The Musical Paradox of Max Raabe- An Interview

Classic Arts Features   The Musical Paradox of Max Raabe- An Interview
A longtime staple of the German music scene, baritone Raabe became an instant sensation in this country following his 2004 U.S. debut performance in Los Angeles. He discusses his upcoming March 4 Carnegie Hall performance.


Max Raabe knew early on that he wanted to become a singer. Enamored first of Wagner and Beethoven, then of the music of the roaring '20s, he spent seven years at the Berlin University of the Arts studying to become an operatic baritone.

To help finance his studies, Raabe founded the "Palace Orchestra" with 11 other students in 1986. After a year of rehearsals, their first performance in the foyer of Berlin's Theaterball proved such a success that they had to repeat the program.
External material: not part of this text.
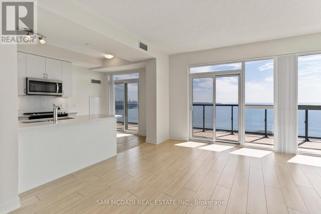 Welcome to Water's Edge, a luxury 2 + 1 bedroom, 2 bathroom condo along the shore of Toronto's Humber Bay on Lake Ontario. Enjoy the best of waterfront living in this beautiful condo with sweeping, unobstructed views of Lake Ontario and the Toronto skyline. Sunlight pours through the floor-to-ceiling windows, filling the space with warmth and showcasing the incredible scenery. The wraparound balcony is perfect for starting your day with a coffee, winding down with a glass of wine, or simply taking in the peaceful views. Whether you're relaxing after a busy day or entertaining friends, this home strikes the perfect balance of style, comfort, and breathtaking surroundings. Featuring 2 bedrooms, 2 bathrooms, and a versatile den, the unit is thoughtfully designed to adapt to your lifestyle. Building amenities include indoor pool, whirlpool, indoor cool plunge pool, men's and ladies change rooms and saunas, fitness room, spin room, yoga room, billiards room, virtual games room, theatre, party room with kitchen bar and lounge, outdoor terrace, library, pet grooming room, 24 hour concierge, guest suites. Unit comes with 2 parking spots, side by side on P2 and a platinum locker approximately 100 sq ft, with a steel door, concrete walls, dedicated light switch with motion detector and electric outlet. (id:6289)

Then, in 1992, Raabe's breakthrough lament, "No One Ever Calls, No One Has a Care for Me," became so popular that it led to solo and orchestral performances on stage, screen, and television.

Raabe first performed in the United States in 2004 when he and his piano player wowed 600 people at UCLA. After a performance by Raabe and the entire orchestra the following year in Zankel Hall, the two-CD live recording of their 2007 visit to Carnegie Hall's Stern Auditorium / Perelman Stage further cemented their reputation.

Raabe recently chatted with Jason Victor Serinus by phone from Germany about his music and his anticipated return with the Palast Orchester to Carnegie Hall on March 4.

JVS: What specifically attracts you to the pop music of the 1920s and '30s from America and the Weimar Republic?

MR: There is a special humor in these songs, a very sarcastic and black humor that has double meaning. And yet the compositions are so elegant. It's nice to wear a tuxedo and to sing sarcastic things.

JVS: Why do you think this music is so popular now?

MR: I think people want this kind of elegance. You wouldn't ask me these questions if I had an orchestra that plays music by Haydn or Brahms or Schubert.

JVS: What does elegance signify for you?

MR: My mother always took care to behave in a correct way at the table, or to open the doors, or to help [someone] into a coat. On my mother's side, the older sons were always farmers, and the younger sons were always in the military or in very noble horse regiments of Kaiser Wilhelm. There was a culture of how to behave.

JVS: And you sing some very elegant, naughty songs in which people misbehave. But some of the American songs you do, such as "Cheek to Cheek" and "Singin' in the Rain," don't seem to be sarcastic songs with black humor.

MR: No. These are elegant, charming songs. I'm talking about the lyrics of Cole Porter, for example. They have a special humor. As we call it here in Germany, it's typical Jewish humor. That ends in 1933, of course. But this humor is why the music of the Weimar Republic is my favorite kind of pop music.

JVS: Jerome Kern and Irving Berlin were Jewish. But Cole Porter wasn't, was he?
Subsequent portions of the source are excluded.